Ah, várias coisas de andamento de percussão africana. Por exemplo, o trap, a gente colocou, mas só que, se você for olhar, o andamento é igual, só que o jeito que foi montada a bateria não tem nada a ver. É um disco bem percussivo, que é uma característica também do Kiko, além de tocar violão ele é um cara bem percussivo, o jeito de ele tocar violão é percussivo, parece que ele tá tocando um violão já com um instrumento de percussão junto É bem diferente.
“Valha-me” talvez tenha sido o único instrumental que o Kiko entregou pré-produzido já, quase pronto, faltando só mapear, e aí eu comecei a escrever, e a gente teve a ideia de chamar o Siba, que é bem amigo dele e a gente achou que tinha muito a ver. Tem uma coisa puxando pro maracatu ali, bem diferente do que eu já estava acostumado a fazer. Esse disco tem muito isso, são várias influências de percurso africana. Pouco sample a gente usou nesse disco, foi tudo mais executado, sintetizador eletrônico, coisas que o Kiko colocou de orgânico, mas não tanto. E aí o resultado foi essa coisa bem suja, bem densa, a timbragem diferente, gritante.
E o disco tem uma uma parada meio teatral, né? Você vai citando personagens nas músicas, e termina com aquele corte, quebrando a “quarta parede” do disco, mostrando aquilo como uma encenação.
Sim, a música “Ufa” justamente se chama “Ufa” por isso. Eu começo a música contando uma história real que aconteceu comigo mesmo. Uma vez, eu tomei um enquadro e o policial pisou na merda e fez eu limpar o coturno dele com a minha camiseta. Isso é uma história real. Aí eu começo a colocar várias coisas de ficção, começo a inventar, a roteirizar toda essa história que aconteceu comigo e um policial. E vai chegando em uma hora que vai ficando muito tenso, a hora que ele tá prestes a ser empalado, né? E aí vem aquilo: “Corta”. Era só uma cena de um filme.
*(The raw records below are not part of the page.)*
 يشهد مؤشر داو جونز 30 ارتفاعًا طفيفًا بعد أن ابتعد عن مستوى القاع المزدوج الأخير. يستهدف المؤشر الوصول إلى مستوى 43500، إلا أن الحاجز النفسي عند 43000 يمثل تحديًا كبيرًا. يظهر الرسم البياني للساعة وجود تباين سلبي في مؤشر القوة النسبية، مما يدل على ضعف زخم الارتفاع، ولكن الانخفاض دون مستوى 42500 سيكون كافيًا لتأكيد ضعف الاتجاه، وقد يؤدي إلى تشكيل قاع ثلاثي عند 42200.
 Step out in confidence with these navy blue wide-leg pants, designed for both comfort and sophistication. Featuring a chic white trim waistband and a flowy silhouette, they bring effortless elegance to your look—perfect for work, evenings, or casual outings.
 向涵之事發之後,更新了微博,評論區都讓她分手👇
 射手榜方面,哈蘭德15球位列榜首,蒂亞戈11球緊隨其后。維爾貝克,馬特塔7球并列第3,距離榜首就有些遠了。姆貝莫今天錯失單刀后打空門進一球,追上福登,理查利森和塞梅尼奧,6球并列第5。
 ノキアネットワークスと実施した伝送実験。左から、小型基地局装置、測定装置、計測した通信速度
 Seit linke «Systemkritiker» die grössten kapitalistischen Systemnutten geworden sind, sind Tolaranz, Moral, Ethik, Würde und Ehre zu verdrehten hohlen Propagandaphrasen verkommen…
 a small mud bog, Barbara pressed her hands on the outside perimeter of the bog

Mas é uma coisa que existe todo dia, tá aí, nas periferias principalmente, e casou também com esse lance da passagem toda do disco. Ali, acaba o disco. Acaba essa música, mas acaba o disco também. Foi uma ideia que a gente teve pra finalizar, aí acaba toda essa passagem de 12 faixas.
Foi uma ideia que surgiu no processo ou desde o início tinha isso planejado?
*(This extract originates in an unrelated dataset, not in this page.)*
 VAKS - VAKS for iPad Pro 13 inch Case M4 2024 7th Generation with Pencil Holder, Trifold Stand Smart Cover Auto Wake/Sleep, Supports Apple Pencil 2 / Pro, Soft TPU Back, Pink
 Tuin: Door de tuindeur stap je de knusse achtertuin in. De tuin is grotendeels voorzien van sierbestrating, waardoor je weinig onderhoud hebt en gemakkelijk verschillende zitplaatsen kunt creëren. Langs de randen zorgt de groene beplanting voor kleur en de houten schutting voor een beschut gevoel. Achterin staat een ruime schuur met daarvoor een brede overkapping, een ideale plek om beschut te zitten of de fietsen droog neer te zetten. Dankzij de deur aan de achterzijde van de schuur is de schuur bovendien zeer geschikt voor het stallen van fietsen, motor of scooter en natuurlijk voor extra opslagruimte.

Já tinha isso na letra. Já tinha esse negócio de: “Corta, acabou a música aqui”. Até porque se eu fosse descrever uma cena dele sendo empalado, acho que ia ser mais chocante, né? Então eu fiz pra brincar também. Dá essa angústia, essa ansiedade, essa agonia, pra no final: “Ufa!”. Justamente isso. A ordem veio depois, esse lance de colocar essa música como a última foi essa sacada que a gente teve.
Legal demais, e o disco saiu agora, como está o planejamento daqui pra frente?
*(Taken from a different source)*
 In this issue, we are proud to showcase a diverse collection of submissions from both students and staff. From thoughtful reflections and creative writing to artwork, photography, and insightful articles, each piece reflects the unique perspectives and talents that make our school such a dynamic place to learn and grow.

O disco saiu agora em 27 de setembro. Vamos ter um lançamento dia 27 de outubro, e já tem mais alguns shows fechados também, já tem bastante procura. E ano que vem vem o vinil novo, na parceria que eu tenho com o pessoal da Somatória do Barulho. Eu tô bem satisfeito com o andamento, com tudo que tem acontecido com o disco. Espero poder tocar bastante pelo Brasil, mostrar bastante.